For the trackball to sit with the top surface flush with the trim bezel, it has to be inset a very precise distance into the back of the control panel. This distance can be calculated by accounting for the thickness of the bezel, acrylic, and laminate (the control panel will have a laminate surface), the thickness of the control panel wood, and the depth of the trackball casing.

The shape of the trackball enclosure is unusual. I routed the shape in sections, using an 18mm slot cutting bit, setting up guides for each section, taking care not to cut outside the area constrained by the current guide. This worked well and saved building a complicated router jig for this specific shape. With the inset cut, I could now test the trackball position with the acrylic, laminate samples, and bezel in place to ensure the correct alignment.

At this point, I decided to route some shallow insets for the joysticks as well. At only 2mm, these are aren't really necessary, but give a little more length to the joystick handles. Being rectangular and shallow, these were significantly easier to cut.





Threaded Inserts

The trackball and joysticks come with threaded inserts for mounting to the back of wooden control panels. These are relatively easy to install, but care needs to be taken not to go too far through the panel when drilling the holes. Additionally, the trackball inserts are the 'tap in' rather than 'screw in' type, and I found that they were slightly compressed after tapping them all the way in, meaning the mounting bolts were quite hard to do up all the way. I think this would be less of a problem in MDF, and I probably should have made the holes slightly bigger.




Control Interface Mounting

As previously mentioned, I need to mount the control interface boards above my system buttons. To do this, I cut some lengths of dowel and drilled holes of the same radius in the back of the panel. The dowels are a pressure fit in the holes and can be removed relatively easily, but are otherwise secure.

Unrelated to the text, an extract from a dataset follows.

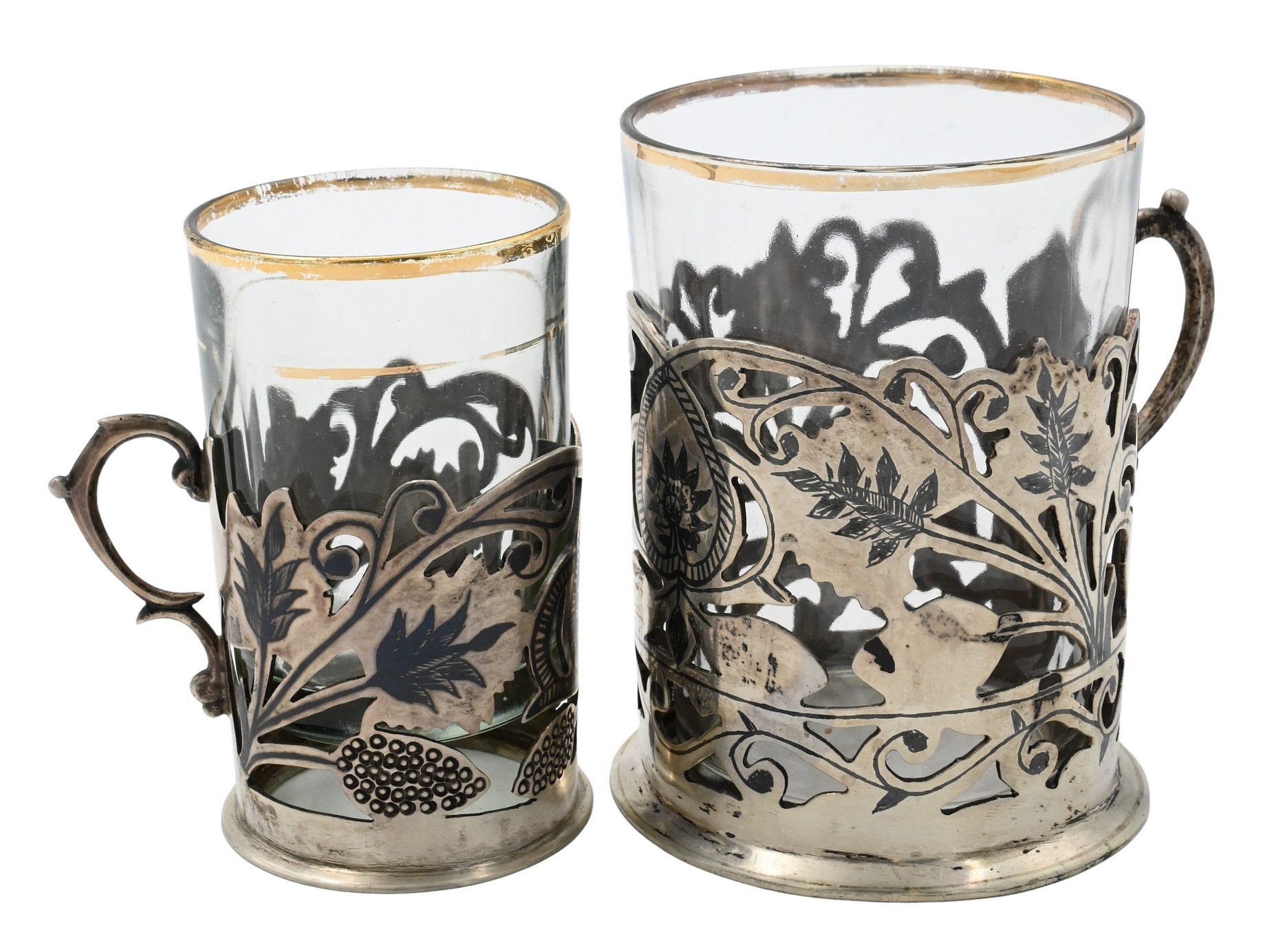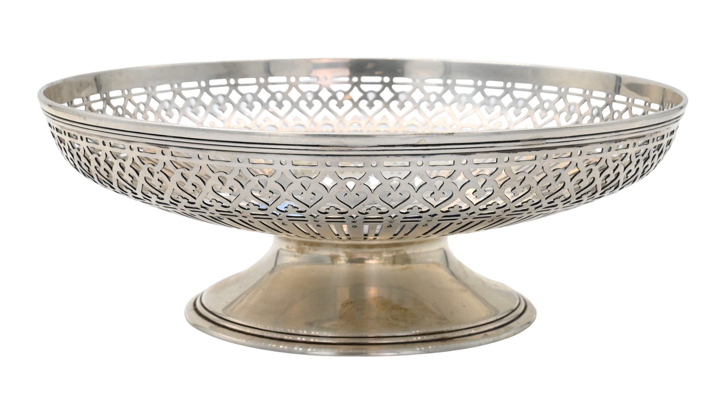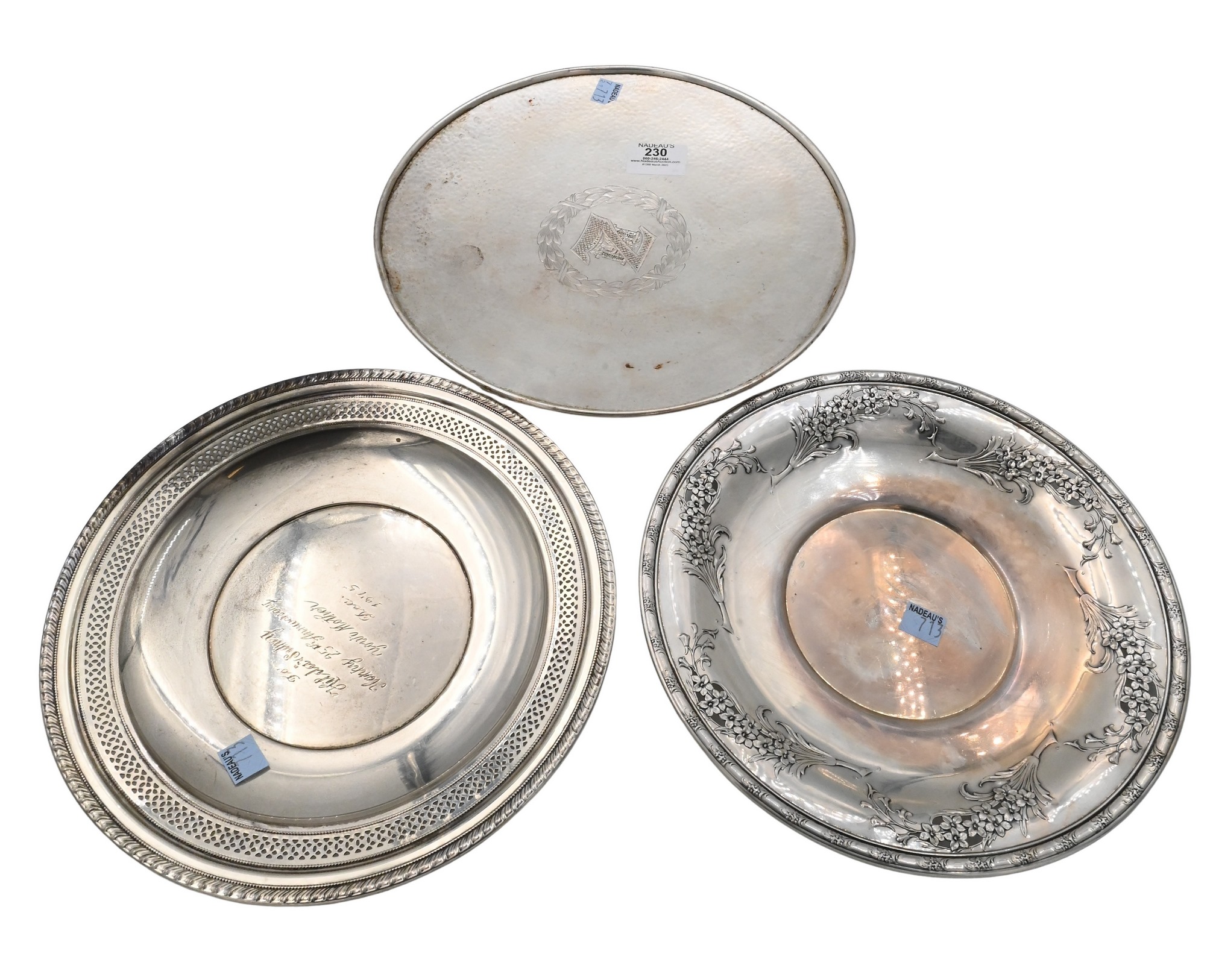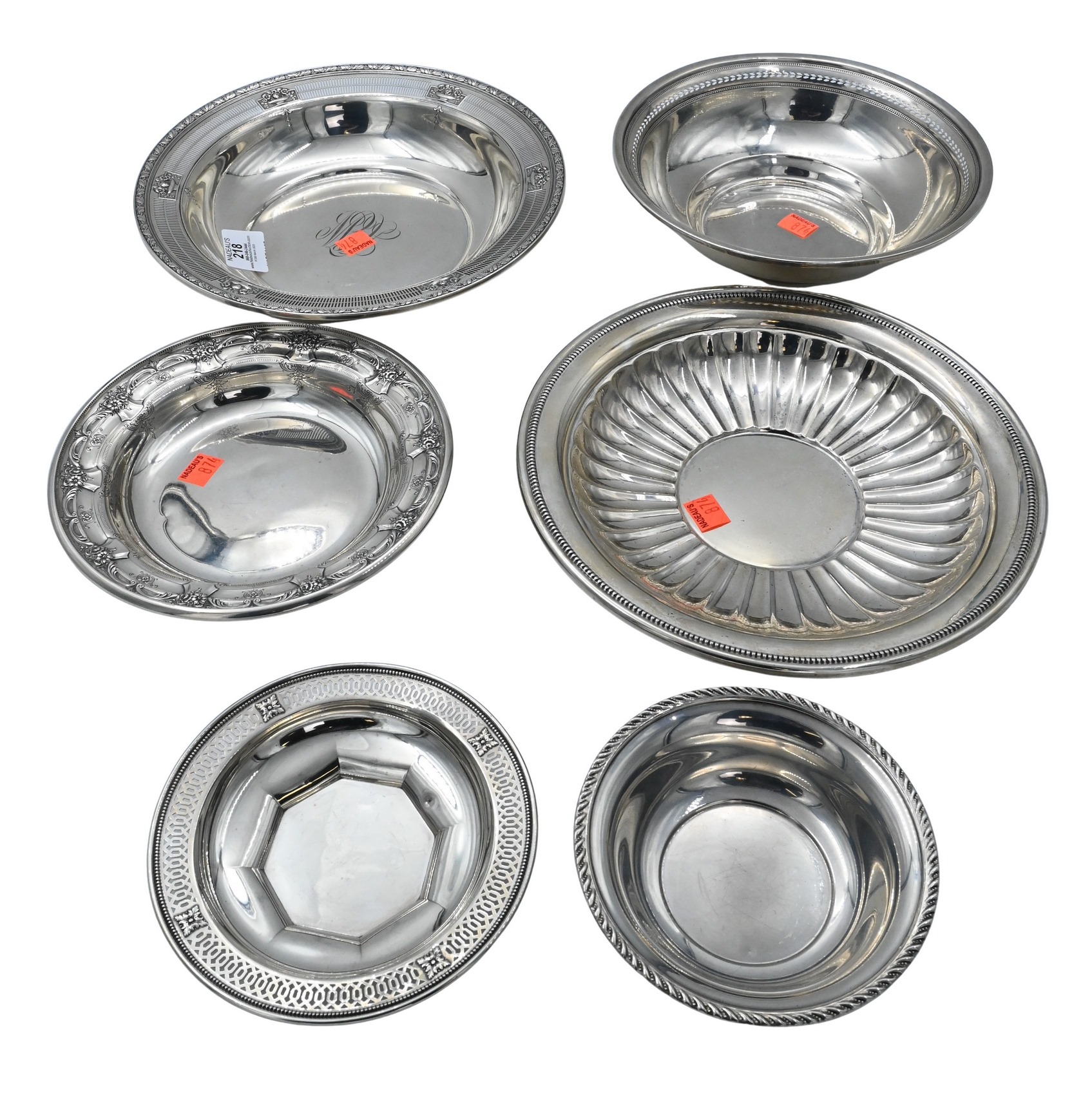 to include two pairs of silver wine coasters, one English pair with cobalt liners marked Howard, along with two small sterling silver dishes

A small acrylic panel is mounted to the dowels with screws, and the boards are then mounted on the acrylic panel, with a layer of EVA foam as a stand-off.

I discovered later that the height of the control interface mounting, combined with the height of the wires coming off the interface board meant that the wires would be compressed against the control box base when everything was assembled. To alleviate this, I ended up routing a section out of the control box base to create some extra room.